Mélanie Fazi
Serpentine
Gallimard, Folio SF
2010
Serpentine est un recueil qui renferme dix nouvelles fantastiques. Les amateurs du fantastique comme on l'écrivait au XIXe siècle, sans nécessairement s'intéresser aux Ghost Stories, devront passer leur chemin. Ces dix nouvelles exposent des univers réalistes marqués du sceau de l'étrange. Il serait erroné d'écrire que l'étrange s'y insinue. L'étrange est déjà là quand le lecteur s'introduit dans la nouvelle, et les personnages semblent très bien s'en accommoder qu'il s'agisse de partir en quête d'un bien perdu «Le faiseur de pluie», d'un être cher «Elégie», «Rêves de cendre», «Matilda», ou de faire disparaître une partie de leur vie «Serpentine», «Petit théâtre de la rame», «Ghost Town Blues». Des thèmes récurrents entrelacent les nouvelles: le questionnement autour de la mémoire et des métamorphoses du corps comme vecteurs d'identité. Que convient-il d'effacer pour se libérer d'un fardeau ? Se faisant, resterons-nous les mêmes ? Comment s'inscrire dans son corps ? Comment retrouver un être dont le corps s'est métamorphosé ?
L'intérêt du recueil réside notamment dans sa générosité générique et narratologique. On retrouve des nouvelles qui relèvent du conte merveilleux «Elégie», «Le faiseur de pluie», du pastiche «Mémoire des herbes aromatiques», du polar «Serpentine», «Matilda», «Le passeur», et même du western «Ghost Town Blues». La plupart des nouvelles sont racontées à la première personne, comme le veut la tradition fantastique, néanmoins leurs narrateurs sont très variés: deux criminels dont l'un est peintre et l'autre tableau, une mère dont les enfants ont disparu, et des adolescentes fascinées par le feu, égarées sur une aire d'autoroute ou groupies. D'autres nouvelles osent la troisième personne « Le faiseur de pluie» et surtout la polyphonie «Petit théâtre de rame».

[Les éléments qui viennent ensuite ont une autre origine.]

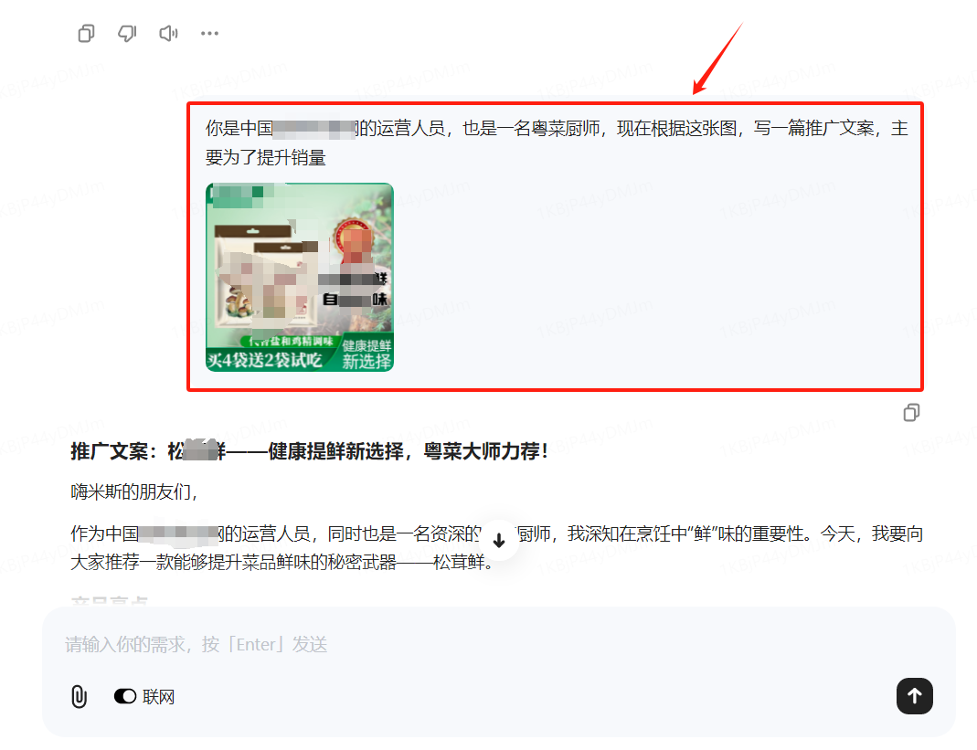 我直接把这张封面图上传去,直接给个简单的指令:“用这张图,帮我写一篇800字左右的微信公众号文案,要求提升产品的搜索量,让客户能持续读完文章内容,且有自主下单购买的欲望”,接下来很快就直接通过这张图片,把这款产品相关的信息都给我写出来了,这个功能简单太牛了。

La musique hante le recueil, au point que le lecteur sera tenté d'aller voir ailleurs pour connaître ou redécouvrir cette bande son qui accompagne l'écriture. Ainsi, au détour d'une aire d'autoroute, on retrouvera Patti Smith, Robert Plant, le titre « Vénus » du groupe Télévision, ou celui «Jig of life» de Kate Bush. Puis la nouvelle «Matilda» viendra aiguillonner les lecteurs friands d'énigmes et de références détournées. La musique, c'est aussi celle de la langue de Mélanie Fazi qui nous promène dans sa galerie des styles. Pourtant, en dépit de toutes les qualités de cet ouvrage, il reste comme une lettre morte. Agréable promenade à laquelle il manque l'essentiel: l'empreinte du fantastique laissée sur les doigts et le quotidien du lecteur.